Microsoft workers shared sexual harassment stories on an internal email chain - danbolt
https://www.theverge.com/2019/4/4/18295647/microsoft-workers-sexual-harassment-stories-internal-email-chain
======
externalreality
First we need to stop acting like HR does anything. HR is paid by the same
employer as the victim and will take the employer's side over the victim any
time. The only thing HR will do is collect information from the victim and
pass that on to legal so they can get a head start in debunking the claim in
case of litigation. There are federal laws that say you should attempt to
resolve the discrimination or harassment issue with HR before a lawsuit or
else the company can use the fact that you did not against you in a federal
court of law. Any such law should be abolished given it's akin to asking a
rape victim to resolve the issue with the rapist's family before going to the
cops.

Second, MS, Google, and Facebook are not the only companies where employees
face sexual harassment and discrimination. Smaller company's employees face
the same shit, probably at a higher rate, but are never mentioned in the the
news unless someone is outright groping women or hanging nooses in the common
area. Smaller companies are even held less liable when found guilty because
the USA, in all of its capitalist BS, is worried that it may put the company
out of business - I mean all they did was break the law, why should they face
any financial hardship. Maybe I'll go rob a gas station and tell the judge not
to lock up my dumb ass because I'll loose my job and face financial hardship.
Basically the United states has no problem bankrupting citizens when they
break the law, but companies get a free pass.

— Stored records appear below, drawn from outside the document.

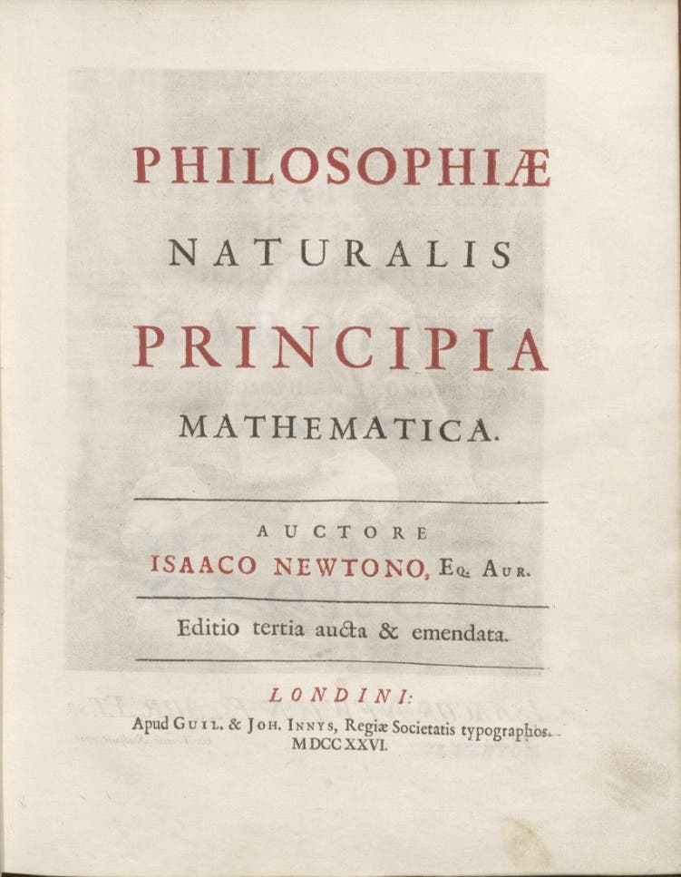 Image source: Philosophiæ naturalis principia mathematica. Apud Guil & Joh Innys, 1726, Title page.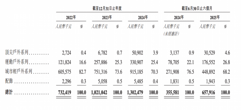 财务数据显示,近年来坦博尔营收持续增长,线上销售收入增长尤其迅速。总营收从2022年的7.32亿元增至2024年的13.02亿元,复合年增长率超过33%。2025年上半年,总营收同比增长85%至6.58亿元。2022年至2025年上半年,城市轻户外系列收入占比始终保持在68.2%至82.7%之间,是公司稳定的业绩压舱石。2022年至2024年,公司线上渠道收入从2.26亿元增至6.26亿元,占比从30.9%提升至48.1%。2025年上半年的线上收入占比首次超过线下。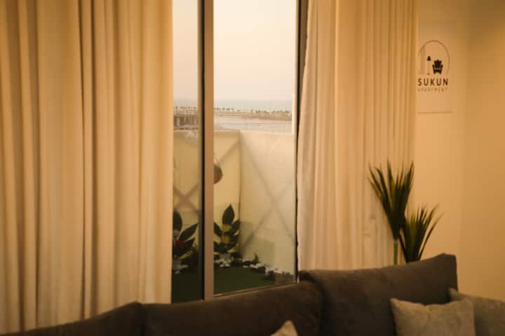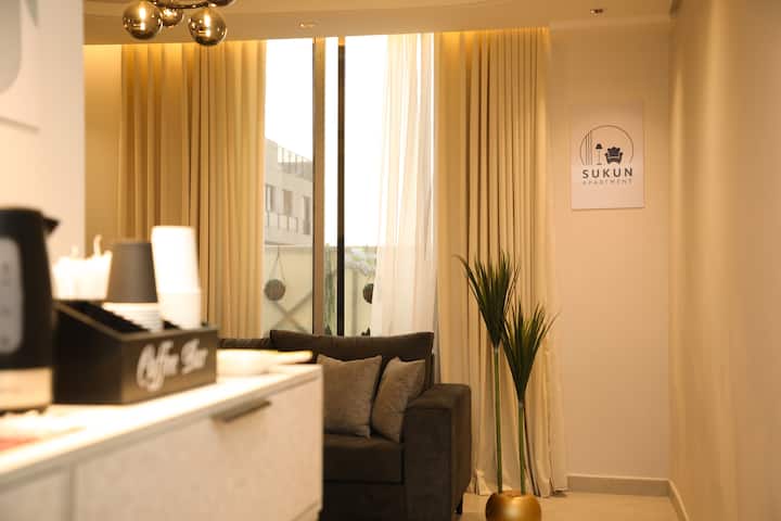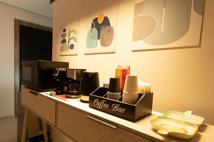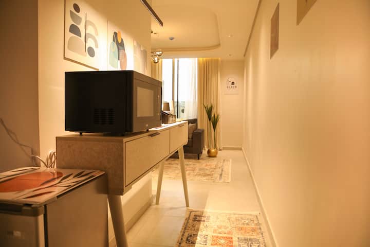 غرفة نوم أنيقة + غرفة معيشة | بار قهوة وإطلالة جزئية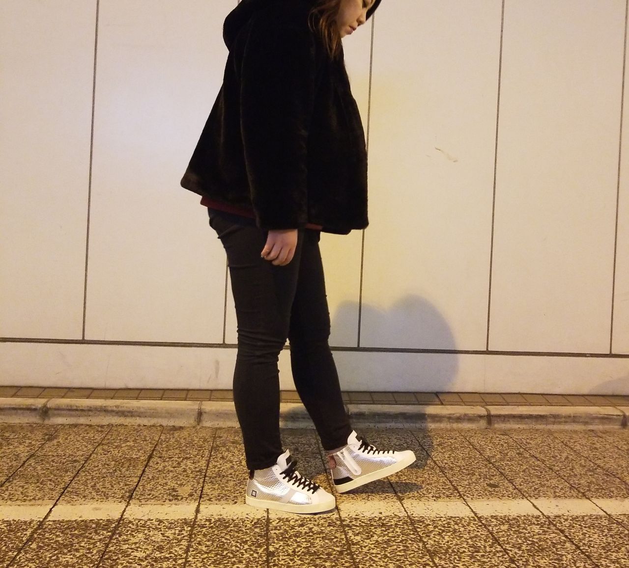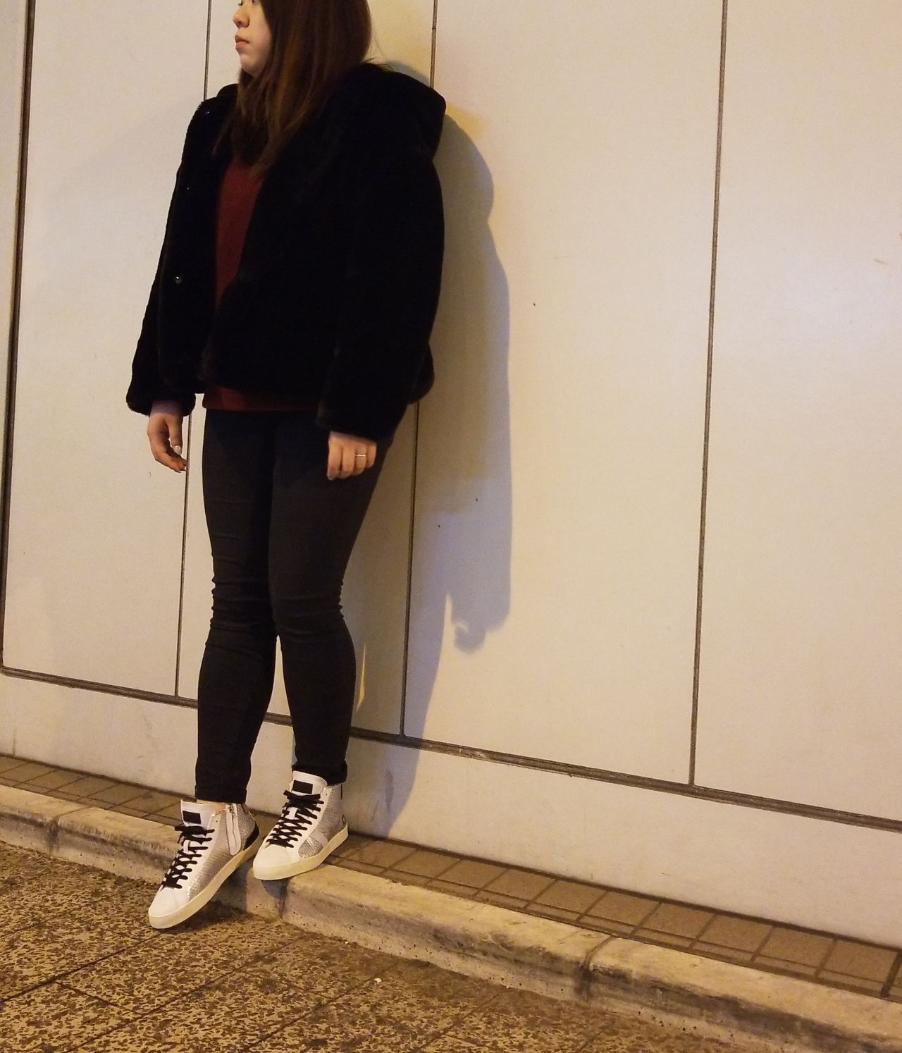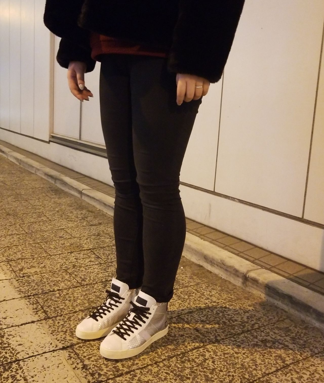 今回はスキニーで合わせていますが、ハイカットスニーカーは足首を引き締めて見せるのでワイドパンツとの相性も抜群ですよ!

Third, no one is ever held accountable in these cases anyway. The EEOC claims
very few of these cases go to trail and even fewer are actually won. Why?
Because companies pay off women/minorities/disabled people to keep their
mouths shut after firing them (very R-Kelly style). Maybe we should make a
documentary called "Surviving Microsoft". Something should be done to limit
the power of these companies. Australia, for all its racist and sexist faults,
is leading the way on this with current legislation that says, F-THAT if you
big companies can't follow the law then execs will start getting jail time. I
would like to see the day when that law is actually enforced but at least it
is a start.

------
sabana
Massively overblown. Systematic affirmative action is rampant in Microsoft.
White and asian men are discriminated against within the company. It will only
hurt Microsoft.